The circadian variation was assessed by sphygmochron [6,7] using a 2-component model of 24- and 12-hour cosine curves fitted to the entire record and to each day separately. The day-night ratio (DNR) was also computed over the entire record and for each day separately, using the following formula [8]:
DNR = 100 x (Day mean - Night mean)/24-hour mean
where Day is defined as the span starting 3 hours after the time of awakening and ending 3 hours before bedtime, and Night is defined as the span starting 1 hour after bedtime and ending 1 hour before the time of awakening, disregarding data during times when BP varies more rapidly. Default values for the time of awakening and bedtime are 07:00 and 23:00, respectively.

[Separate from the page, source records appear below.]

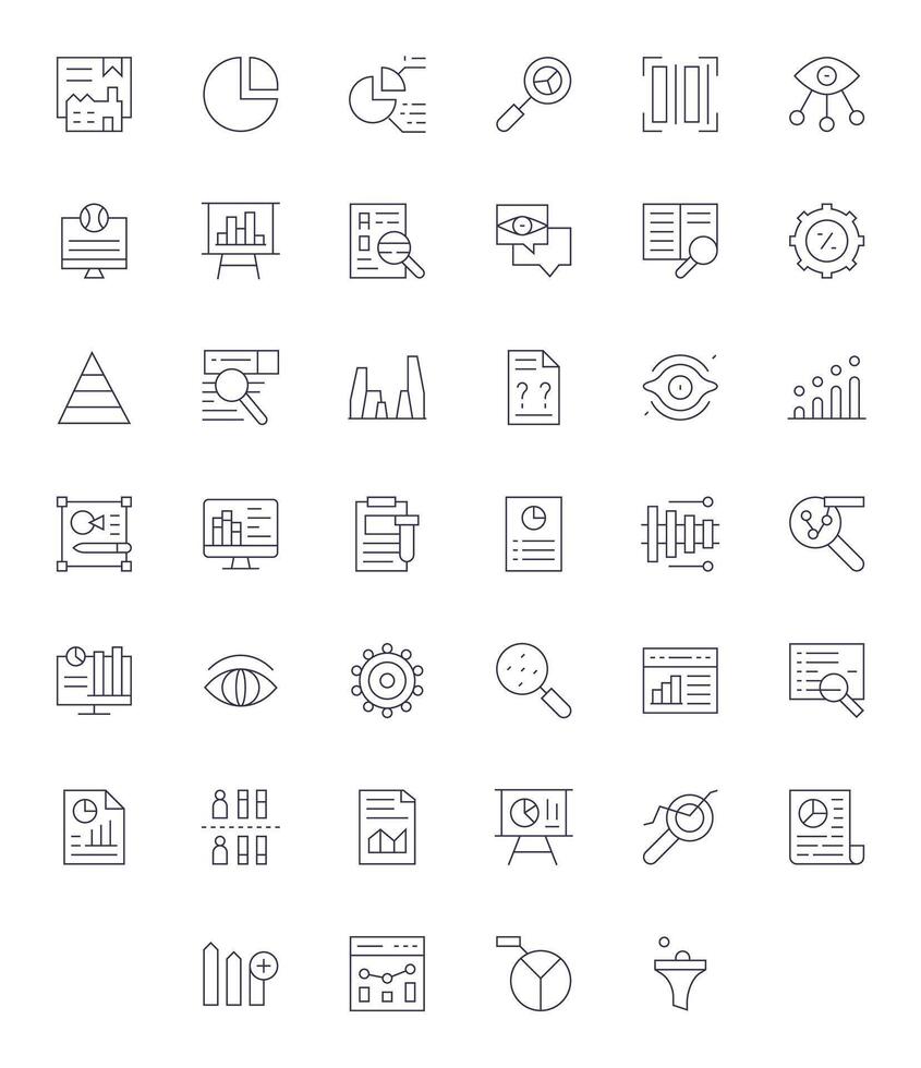 40 Pixel Aligned Icons themed around Data Analysis in 256x256 Thin Line format vector
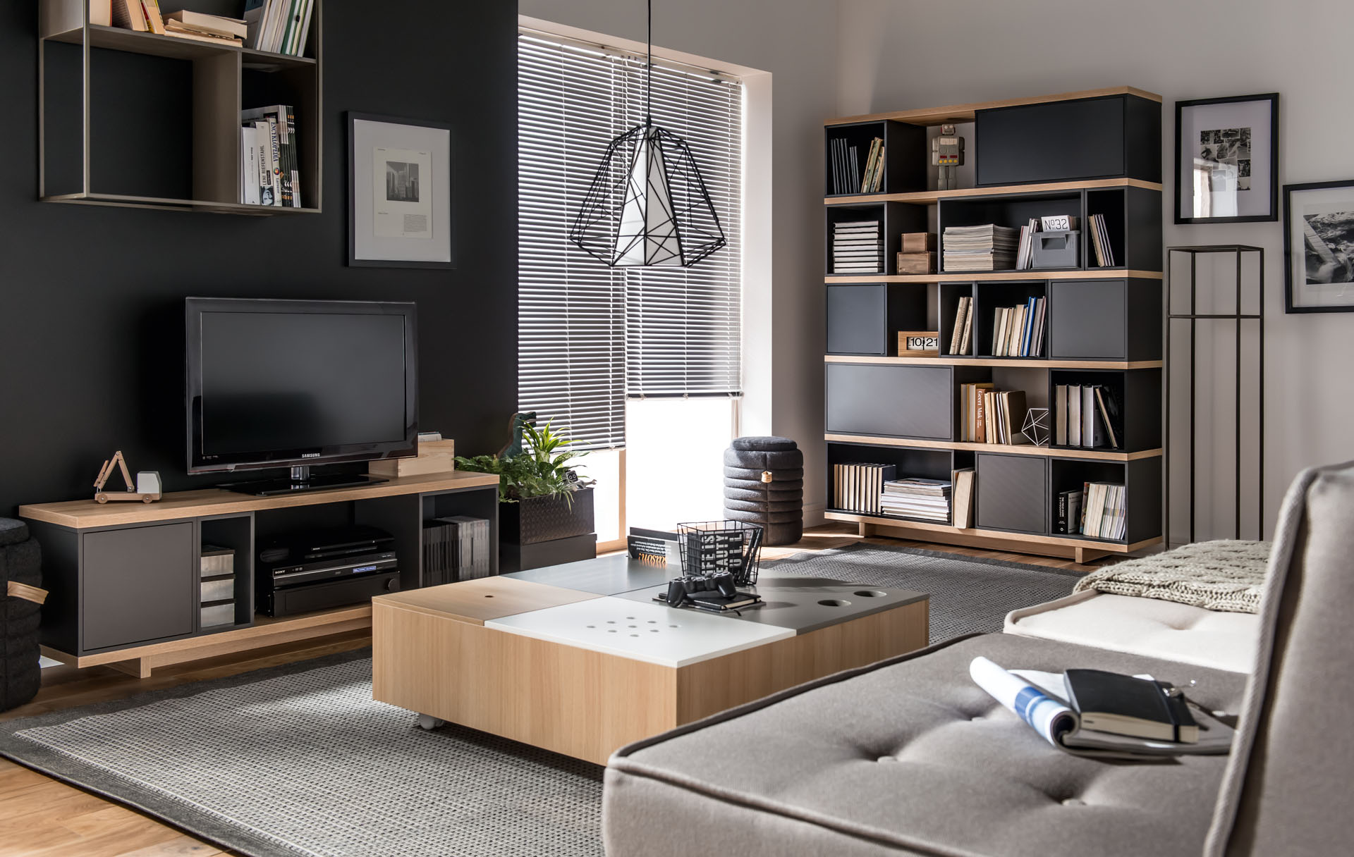 Przestrzenny rytm szarości, a także bieli i czerni możemy też skomponować sami, dowolnie konfigurując szafki, regał czy komodę z kolekcji Balance. Do wygodnych skrzynek, przyborników i organizerów z czasem możemy dokupić kolejne, a dzięki cokołom i półkom w ciepłym odcieniu jasnego dębu nasza wielofunkcyjna układanka zgrabnie dopasuje się do szarego salonu.
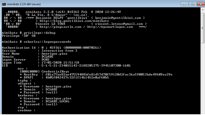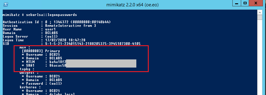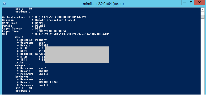 Pode-se verificar que as informações sensíveis relacionadas ao ‘user1’ não aparecem mais. Apesar de ‘user1’ ser o usuário associado ao logon interativo remoto, as credenciais que o Mimikatz extraiu são as da conta de computador DC02$, e não as credenciais do usuário.
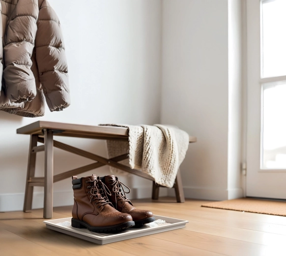 neerzetten van schoenen, verplanten van planten, bescherming van oppervlakken tegen vuil en vocht

The DNR is used for a classification in terms of dipping [8]: the desired dipping (DP) pattern corresponds to DNR values between 10 and 20%. DNR values less than 10% define non-dipping (ND). Negative DNR values correspond to reverse dippers (RD), and DNR values above 20% correspond to extreme dippers (ED), Figure 2.
Classification in terms of "Dipping" Extreme Dipping
Dipping
Non-Dipping
Reverse Dipping
Figure 2: Classification in terms of "dipping" based on the DNR. © Halberg Chronobiology Center
The extent of agreement was determined as the percentage of diagnoses made on a daily basis that matched the diagnosis based on the entire record, used as reference.
Results
In order to obtain a reliable estimate of the DNR, the data were preprocessed. Each "day" had to have at least 20 measurements covering at least 18 hours. Sufficient data needed to be available during the day (N>5) and night (N>2) span. Only records that covered at least 5 days were considered to compute the percentage of agreement, defined as the percentage of "dipping" classification made on a daily basis that matched the classification made based on the entire record.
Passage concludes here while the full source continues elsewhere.